-- GOAL OF THE EXERCISE --
Would you output the lines from the one containing "29 October 2023;" through the final line of the entries, exactly and with pictures omitted?

Content starts

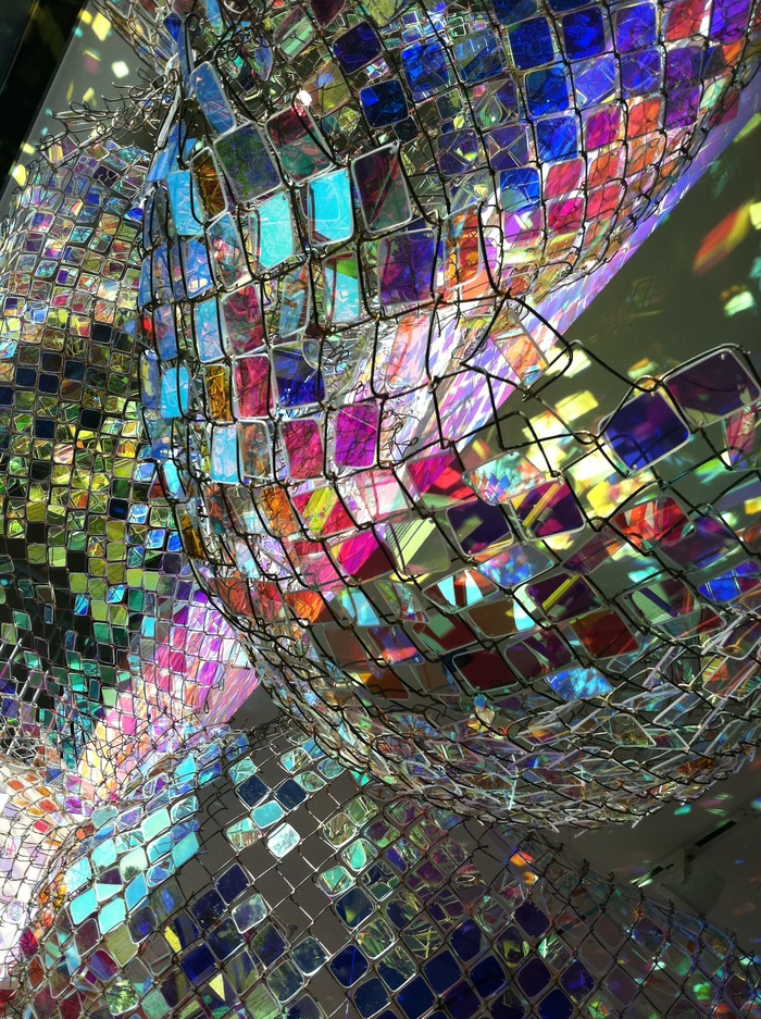 Artist Soo Sunny Park has created this spectacular installation using 37 sections of fencing and thousands of plexiglass squares which send colorful patterns all over the room. The patterns shift with the sun, so that it’s a constantly-evolving light show all day long.
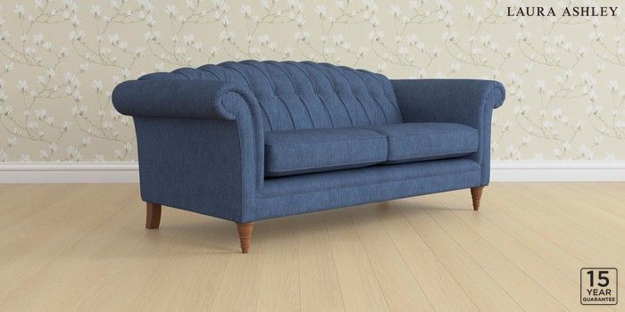 6.12.13 Buy Gloucester Button Back by Laura Ashley 3 Seater Sofa Bainton Midnight Navy Low Turned - Teak from the Next UK online shop Click here to use our accessible website
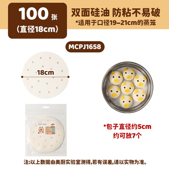 美厨(maxcook)蒸笼纸垫纸蒸包子纸蒸馒头纸不粘一次性100张 直径18cm MCPJ1658
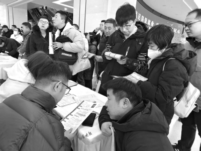 2月5日,正月初八,太原市新春首場大型招聘會在山西太原人力資源服務(wù)產(chǎn)業(yè)園拉開帷幕。上午9時許,現(xiàn)場的求職者便已經(jīng)比肩接踵,全力奔赴各自心儀的企業(yè)展位?!皪徫欢?,求職者也多,感覺比過年時逛廟會還熱鬧?!鼻舐氄呲w先生笑著說。
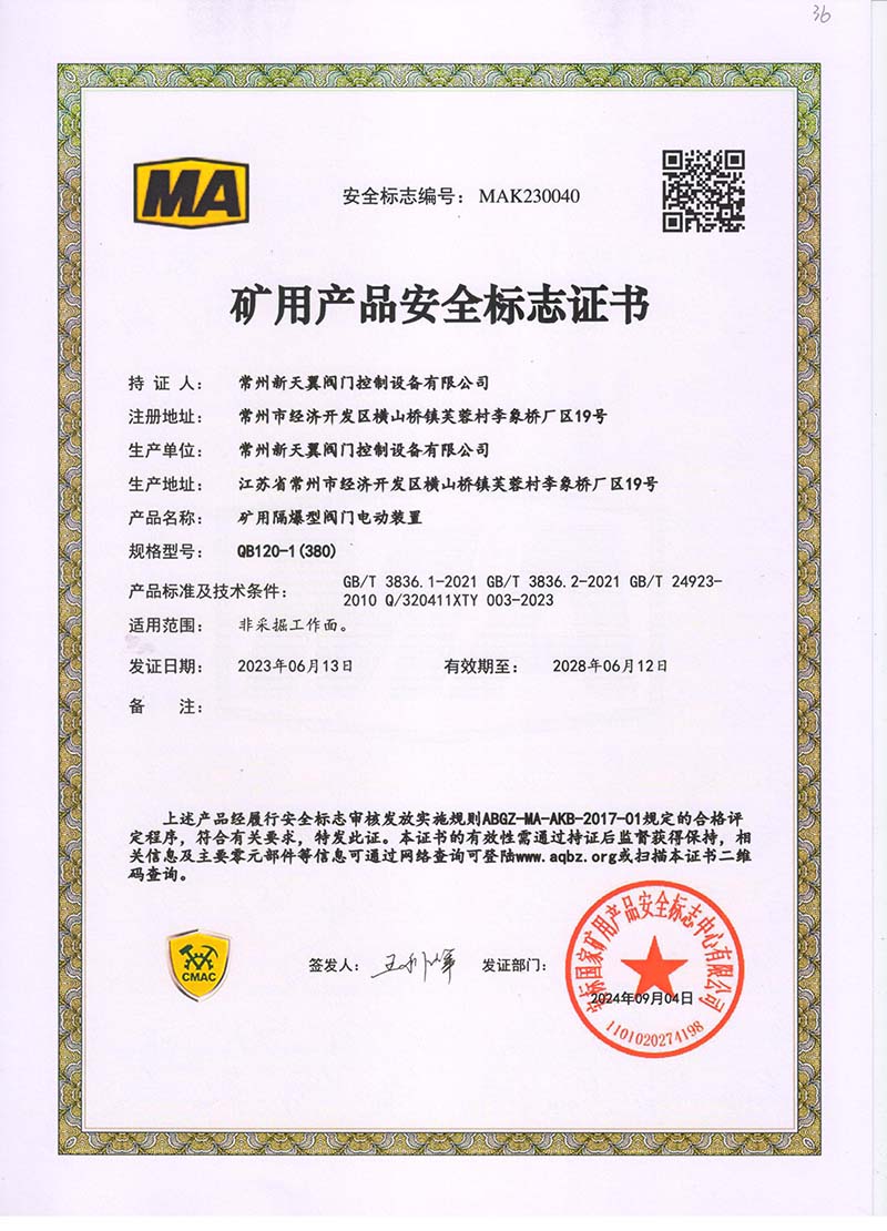 礦用產(chǎn)品安全標志證書QB120-1(380)
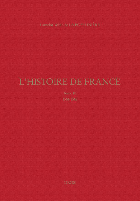 Ce troisième tome de L’Histoire de France de La Popelinière, parue en 1581, est centré sur deux années cruciales, 1561 et 1562, qui voient le déclenchement des guerres de Religion. Il fait le récit des principaux événements de l’avènement de Charles IX jusqu’à l’automne 1562 : les Etats généraux et le colloque de Poissy, l’édit de Janvier, le « meurtre » de Wassy, les déclarations du prince de Condé et ses négociations avec les princes allemands, l’engagement puis les hésitations de la noblesse réformée, et s’attarde sur quelques épisodes de la première guerre civile (particulièrement Angers et Toulouse). Hors de France, il s’intéresse aussi à la résistance armée des vaudois du Piémont contre le duc de Savoie, et décrit la « république des Suisses ». Les notes critiques s’attachent principalement, comme dans les volumes précédents, à retrouver les sources utilisées et à éclairer le travail de recomposition et de neutralisation de l’historien sur ses sources.
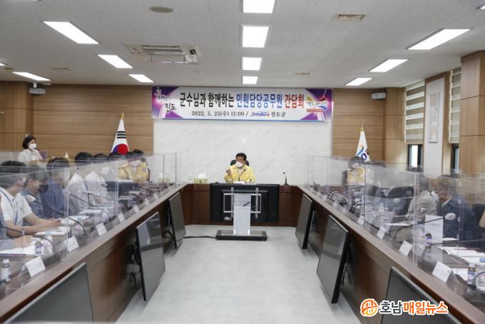 À̹ø °£´ãȸ´Â ´ë¹Î ÇàÁ¤¼ºñ½º¸¦ ó¸®ÇÏ´Â ¹Î¿ø´ã´ç °ø¹«¿øµéÀÇ °íÃæ°ú °ÇÀÇ»çÇ×, ¹Î¿ø Çö¾È¿¡ ´ëÇÑ ÀÚÀ¯·Î¿î ´ëÈÀÇ ÀåÀ» ¿±â À§ÇØ ¸¶·ÃµÈ ÀÚ¸®·Î À̵¿Áø Áøµµ±º¼ö¿Í ±ºÃ» ¹Î¿øºÀ»ç°ú, À¾․¸é ¹Î¿ø½Ç¿¡ ±Ù¹«ÇÏ´Â ¹Î¿ø´ã´ç °ø¹«¿ø 20¿©¸íÀÌ Âü¼®Çß´Ù.
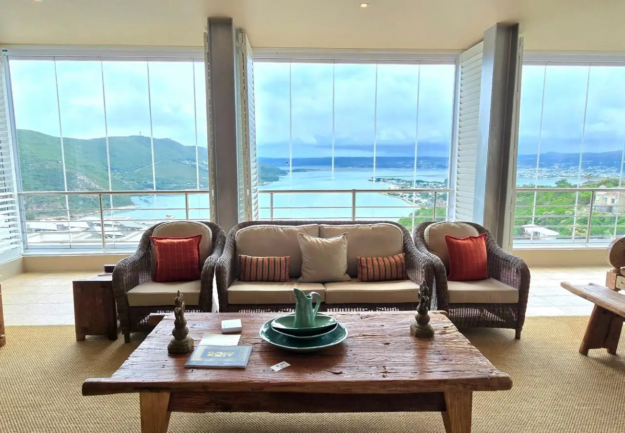 Luxurious Lagoon-Front Living: Elegant Home with Panoramic Views The property features beautifully designed bedrooms, each blending comfort with functionality to ensure a restful environment. On the ground floor, one bedroom benefits from a full en-suite bathroom, perfect for guests or family members preferring easy access. The upper level houses three more bedrooms, enhancing privacy and providing versatile living options. The master suite is particularly impressive, boasting a spacious private veranda, a large dressing room, and a luxurious en-suite bathroom. The second bedroom also features a full en-suite bathroom, while the third bedroom has access to a separate bathroom equipped with a shower. The home is designed with a flowing open-plan layout that maximizes the stunning lagoon views and creates a seamless transition between living spaces. The formal lounge, set against the backdrop of the lagoon, leads into a dining area that connects directly to a well-equipped kitchen featuring both gas and electric hobs, an eye-level oven, and a separate scullery. Adjacent to this space is a cozy TV lounge and a dedicated study, providing ample room for relaxation and work. A double garage with direct access into the house adds convenience and security. This property is not just a house but a blend of luxury, comfort, and stunning views, making it a must-see for those seeking an exceptional home in Knysna. Call today to schedule a viewing and experience the splendor first-hand! This home comes with the option of being Furnished.
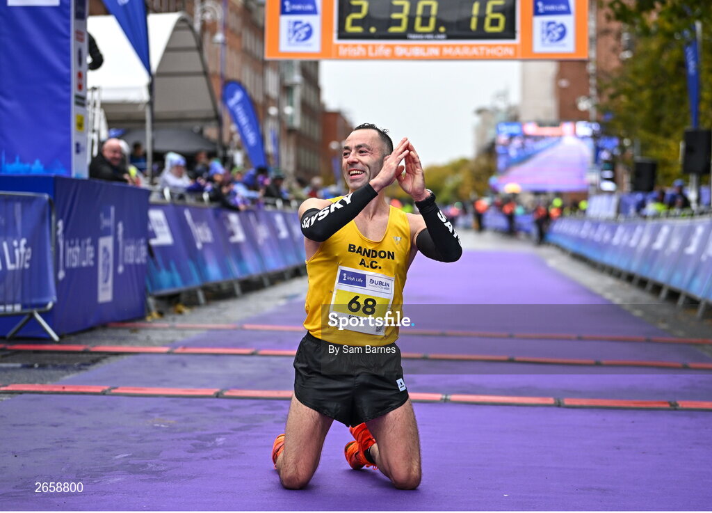 29 October 2023; Simon Nolan from Cork after the 2023 Irish Life Dublin Marathon. Thousands of runners took to the Fitzwilliam Square start line, to participate in the 42nd running of the Dublin Marathon. Photo by Sam Barnes/Sportsfile
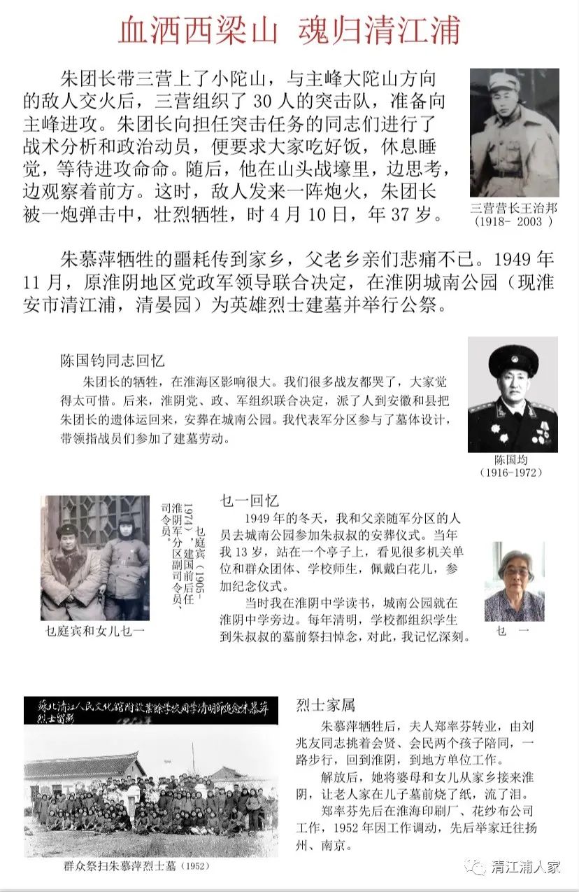 【编者按:读小学时,每到清明,学校会组织师生走进清宴园(那时叫城南公园)祭扫烈士墓。彼时对墓碑上“朱慕萍”三字的认识仅限于“烈士”二字。数十年后,有幸拜访了烈士子女,并得以阅读烈士夫人郑率芬女士写的《朱慕萍传》。至此,对渡江战役中牺牲的最高级别指挥员朱慕萍烈士有了比较全面直观的认识,对烈士次子朱会民先生数十年如一日踏遍大江南北找寻父亲足迹的壮举甚是钦佩。今天,这个特殊的日子,我们再次走近英雄,缅怀先烈。
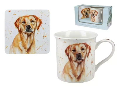 Kubek z podkładką Labrador z porcelany, motyw psa rasy labrador
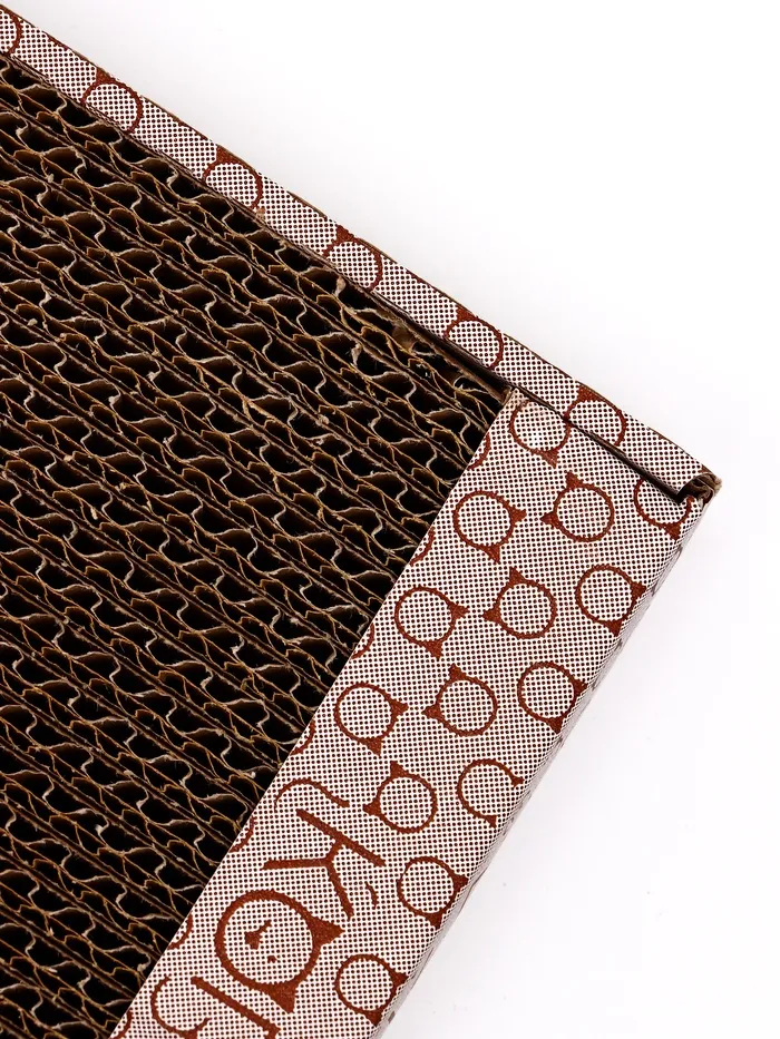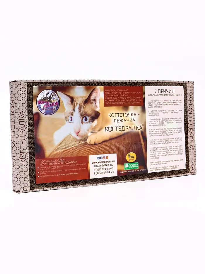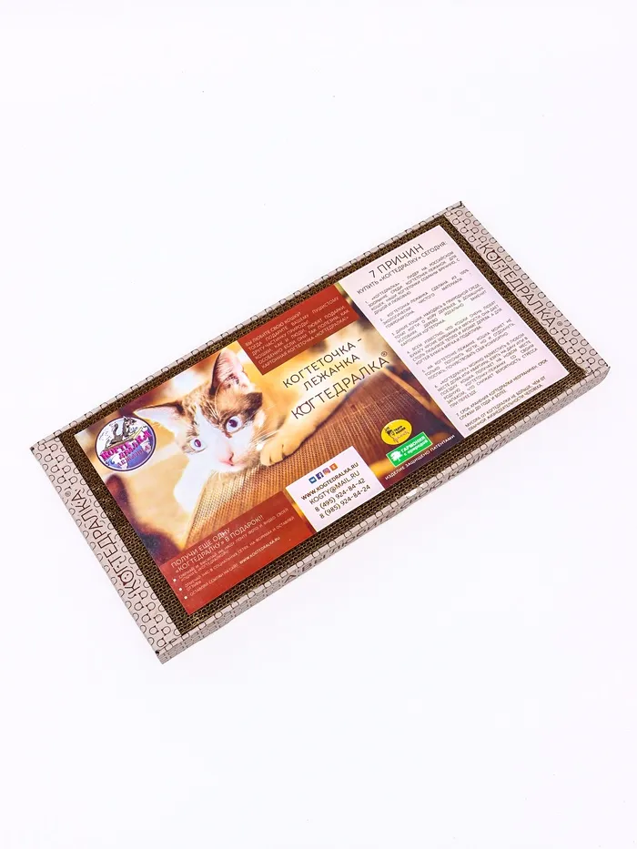 Он выполнен из гофрокартона, который изготовлен из природного материала - древесины и по своим свойствам очень на нее похож, чем и привлекают наших питомцев. Он достаточно плотен, чтобы выдержат острые коготки, и оптимально податлив, чтобы привлекать кошку.

Content ends

-- ANSWER SPACE --
 29 October 2023; Simon Nolan from Cork after the 2023 Irish Life Dublin Marathon. Thousands of runners took to the Fitzwilliam Square start line, to participate in the 42nd running of the Dublin Marathon. Photo by Sam Barnes/Sportsfile
 【编者按:读小学时,每到清明,学校会组织师生走进清宴园(那时叫城南公园)祭扫烈士墓。彼时对墓碑上“朱慕萍”三字的认识仅限于“烈士”二字。数十年后,有幸拜访了烈士子女,并得以阅读烈士夫人郑率芬女士写的《朱慕萍传》。至此,对渡江战役中牺牲的最高级别指挥员朱慕萍烈士有了比较全面直观的认识,对烈士次子朱会民先生数十年如一日踏遍大江南北找寻父亲足迹的壮举甚是钦佩。今天,这个特殊的日子,我们再次走近英雄,缅怀先烈。
 Kubek z podkładką Labrador z porcelany, motyw psa rasy labrador
 Он выполнен из гофрокартона, который изготовлен из природного материала - древесины и по своим свойствам очень на нее похож, чем и привлекают наших питомцев. Он достаточно плотен, чтобы выдержат острые коготки, и оптимально податлив, чтобы привлекать кошку.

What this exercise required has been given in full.